The first objective to cover in your recycling lesson plan is teaching that recycling is simply the process of turning one item into another. When an item no longer is useful in its current form, recycling programs find a different use for that item and its materials, resulting in less landfill waste while saving energy, decreasing greenhouse gas emissions, conserving natural resources and generally helping the environment. The next step is the execution of the recycling process. Students should learn that specific items made of certain materials must be removed from the trash and organized before being picked up by waste management staff or dropped off at a recycling center. The specifics vary by community, but the categories typically include paper, plastic, glass, aluminum and electronics. If possible, hang your community's recycling instructions, usually distributed to residents in the form of a poster, as a reminder of the rules. The class could then work together to decorate boxes that can be used as recycling bins for your classroom, making signs for each to indicate which bin is for paper items, glass and other recyclable items. Before using these boxes, for one day the children should throw all of their trash into one larger box to demonstrate the amount of waste we produce. Students then can sort out the items to be recycled to see first-hand the reduction of waste recycling provides.

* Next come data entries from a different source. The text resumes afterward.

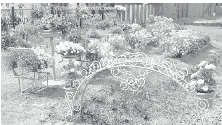
Так выглядит придомовая территория Мерзляковых.
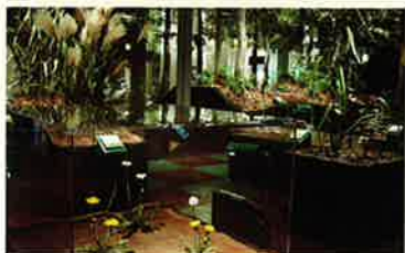
行田の自然 ジオラマ展示室
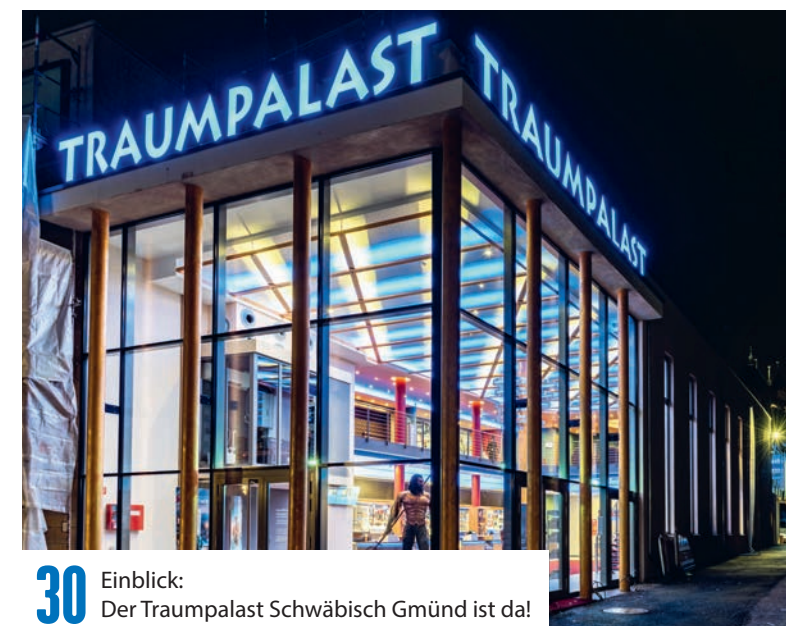
30 Einblick: Der Traumpalast Schwäbisch Gmünd ist da!
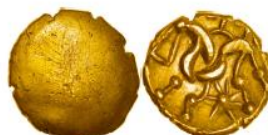
2. South Ferriby gold stater, ABC 1743 var. Near EF. Estimate £1000
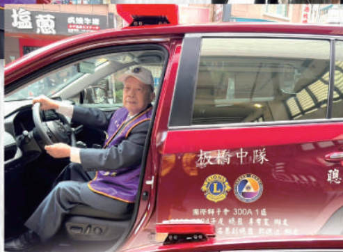
●鄭董事長親身體驗勘查車

Your students will want to know what happens after the recycling is picked up or dropped off. After completing the hard work of separating recyclable goods from trash, where does it all go and what is it actually used for when it gets there? It could benefit them to know that the staff at the materials recovery facilities also sorts the items, organizing them into categories based on what each will be used for in the next step of manufacturing. For instance, they will learn what items will become part of a roll of paper towels and which materials will become a laundry detergent bottle or even a road or bridge. Use instructional videos or take a field trip to a plant to teach students about the process with visual and/or hands on instruction. As a follow-up task, students could work in classroom groups sorting cleaned recyclable goods just as the facility staff would do. Each group could be graded on how accurately they categorized the items.

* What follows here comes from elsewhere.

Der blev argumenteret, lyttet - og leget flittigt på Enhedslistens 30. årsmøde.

Proof may be the most beneficial lesson objective. Encourage your students to follow through with what they have learned by showing them what happens when people choose not to recycle. Demonstrate the importance of the steps they just learned through documentaries about landfills and what has occurred over the years because these these processes have not been followed. Another field trip, in this case to a landfill, will provide a tangible example of the waste problem we are trying to fix through recycling as they will witness first-hand the vast amount of trash we already have accumulated. Visit local stores and assign students a scavenger hunt in which they must track down products comprised of a certain percentage of recycled materials. This will show students the positive and useful result of what happens when we do recycle while demonstrating the final step in the process.
The Environmental Protection Agency provides curriculum resources, including a glossary of terms and a program titled "The Quest For Less," which contains useful and entertaining activities to help children understand the basics of recycling. Additionally, you could start a recycling program in your school if one does not already exist. Students will learn more about recycling by physically executing the process themselves, all while making a real difference in their community.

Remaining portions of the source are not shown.